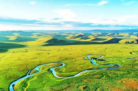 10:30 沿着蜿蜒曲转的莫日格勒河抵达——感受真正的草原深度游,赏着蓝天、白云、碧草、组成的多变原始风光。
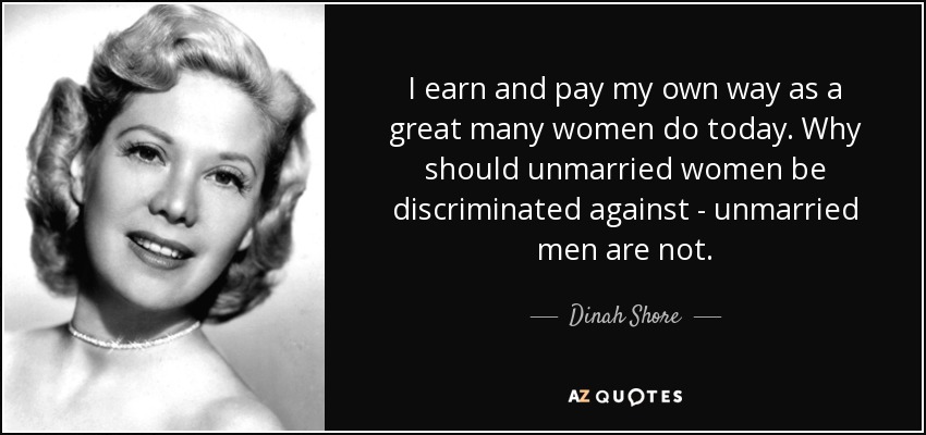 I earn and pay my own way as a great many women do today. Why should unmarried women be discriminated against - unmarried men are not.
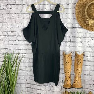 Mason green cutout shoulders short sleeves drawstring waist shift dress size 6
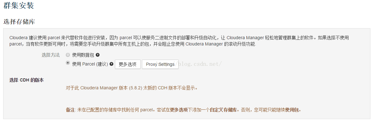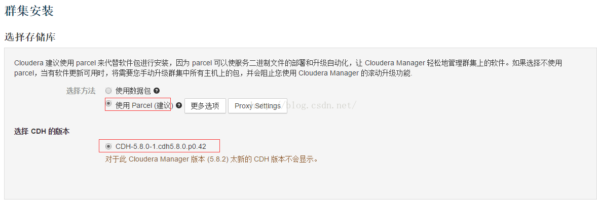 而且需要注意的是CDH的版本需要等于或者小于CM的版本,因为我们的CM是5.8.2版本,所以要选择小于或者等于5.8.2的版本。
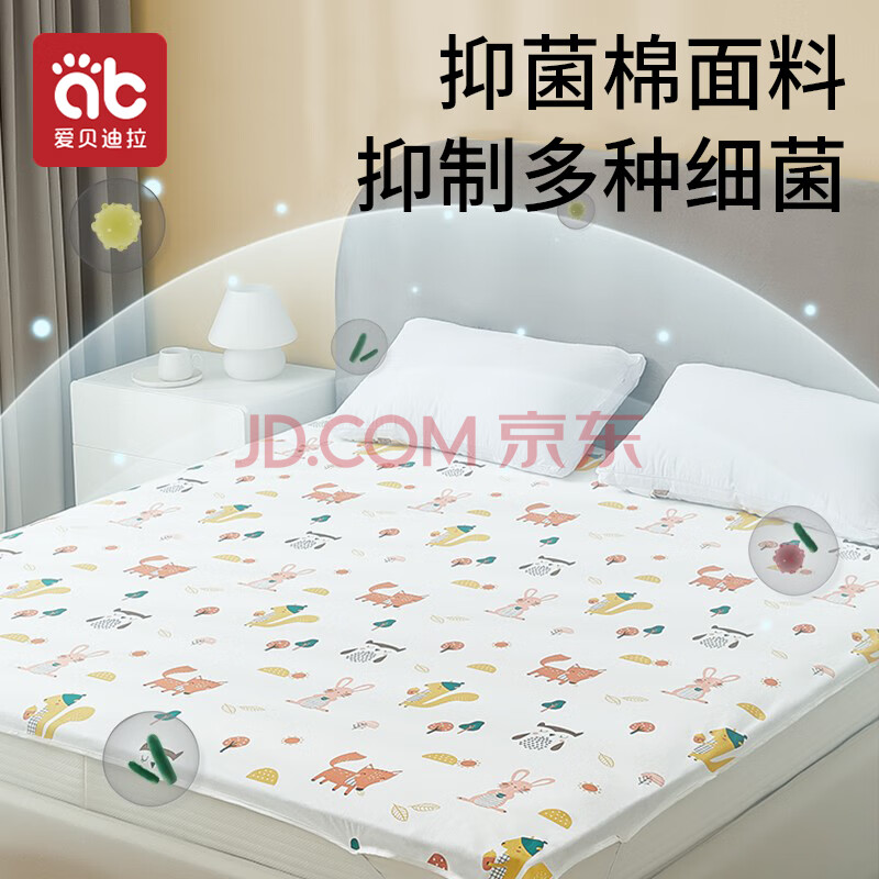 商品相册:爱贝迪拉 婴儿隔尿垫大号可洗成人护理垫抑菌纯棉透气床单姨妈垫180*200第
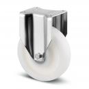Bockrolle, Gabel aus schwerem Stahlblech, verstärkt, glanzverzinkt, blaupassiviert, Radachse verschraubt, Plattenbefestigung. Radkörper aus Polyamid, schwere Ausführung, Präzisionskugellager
......
- Task goal
Only lines belong in the copy: transcribe those from the start of the data through the line that contains "商品相册:爱贝迪拉 婴儿隔尿", and skip the pictures.

- Output for this task
 10:30 沿着蜿蜒曲转的莫日格勒河抵达——感受真正的草原深度游,赏着蓝天、白云、碧草、组成的多变原始风光。
 I earn and pay my own way as a great many women do today. Why should unmarried women be discriminated against - unmarried men are not.
 Mason green cutout shoulders short sleeves drawstring waist shift dress size 6
 而且需要注意的是CDH的版本需要等于或者小于CM的版本,因为我们的CM是5.8.2版本,所以要选择小于或者等于5.8.2的版本。
 商品相册:爱贝迪拉 婴儿隔尿垫大号可洗成人护理垫抑菌纯棉透气床单姨妈垫180*200第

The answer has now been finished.